Since many of the reading interventionists are studying education, special education, psychology or communication sciences and disorders, the opportunity to work within school settings makes the experience even more meaningful to them as they are preparing for their future careers in education-related fields, Axelrod says.
The program gives students knowledge about evidence-based intervention strategies but also a level of confidence that comes from having experiences within a school, Axelrod says, adding that both the skills and confidence are helpful as students begin their student teaching or look for their first job.
“Wherever they go next, they bring with them a unique skill set and real-world experiences that they can’t always gain through their coursework,” Axelrod says. “That can be a huge benefit for the students as they are preparing to enter the job market, and it can be great for the school that hires them.
“The legacy of this program is that students will go on to graduate school or into the teaching profession and will be leaders who know how to engage in best practices. That part is really important to us. We are educators and we want to send people out into the schools who can make a real difference. And we know that helping kids to be better readers makes an important difference.”
For Becca Dirschl, a senior psychology major who has worked as an intervention specialist for three semesters, the clinic is reaffirming her goal to someday work as a school counselor.
“Just being a part of something that goes beyond our campus has given me a sense of purpose in what I’m learning,” says Dirschl, noting that she’s enjoyed seeing how the child development theories she’s studied in her classes play out in a real-world situation. “This experience has confirmed my previous ideas about becoming a school counselor, but it also reminds me how much I love working with kids.”
Seeing the students she works with gain skills and confidence is motivating because she knows she’s making a positive and lasting difference in the child’s life, Dirschl says.
“I love how excited the students get when they read a passage without any errors or when they know a word they did not know before,” says Dirschl, a native of Green Bay. “It’s those little steps along the way that remind me how much we are helping the students.”
Those little steps add up to huge gains for the children who are struggling to read, says Julie Chumas, Edward’s mother.
Thanks to the university and school partnership, Edward, a current fifth-grader at Meadowview, is thriving despite his dyslexia.
“He’s wired differently,” Julie Chumas says of her son. ”He’s always going to have dyslexia.
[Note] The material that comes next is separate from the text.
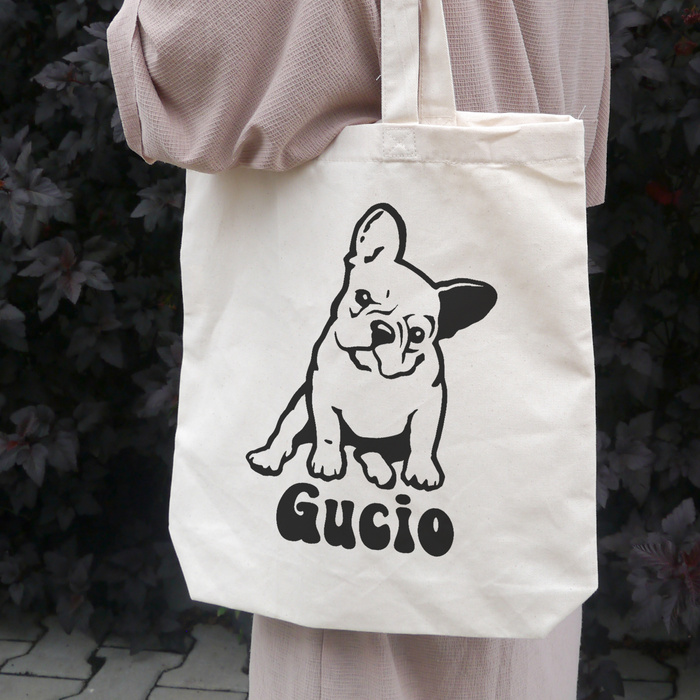 Add charm to your everyday shopping or walks with our stylish cotton bag featuring a French Bulldog design! This tote is not only a practical accessory but also a great way to show your love for dogs. Personalize the bag further by choosing the color of the design and adding your dog's name or another custom phrase!

He can’t learn the way most kids can but the university students and his teachers are finding ways to work with him and encourage him and show him he can do it.”
The transformation in Edward — who just a few years ago hated school but now heads out the door with a smile on his face each morning — is nothing short of amazing, Chumas says.
“I had to choke back tears when the student working with him told me recently that Edward’s reading at grade level,” Chumas says. “The university and their students, along with his teachers, are meeting his needs in extraordinary ways.”
Top photo: As a reading interventionist, UW-Eau Claire senior psychology major Becca Dirschl helps students at an area elementary school improve their reading skills.
Side photo 1: Julie Chumas and her son, Edward, meet with a UW-Eau Claire graduate student who oversees the reading program to discuss the fifth-grader's progress.
Side photo 2: Katie Engel, school psychologist, and Dr. Del Boley, principal, say all their students in the university program are making gains in their reading.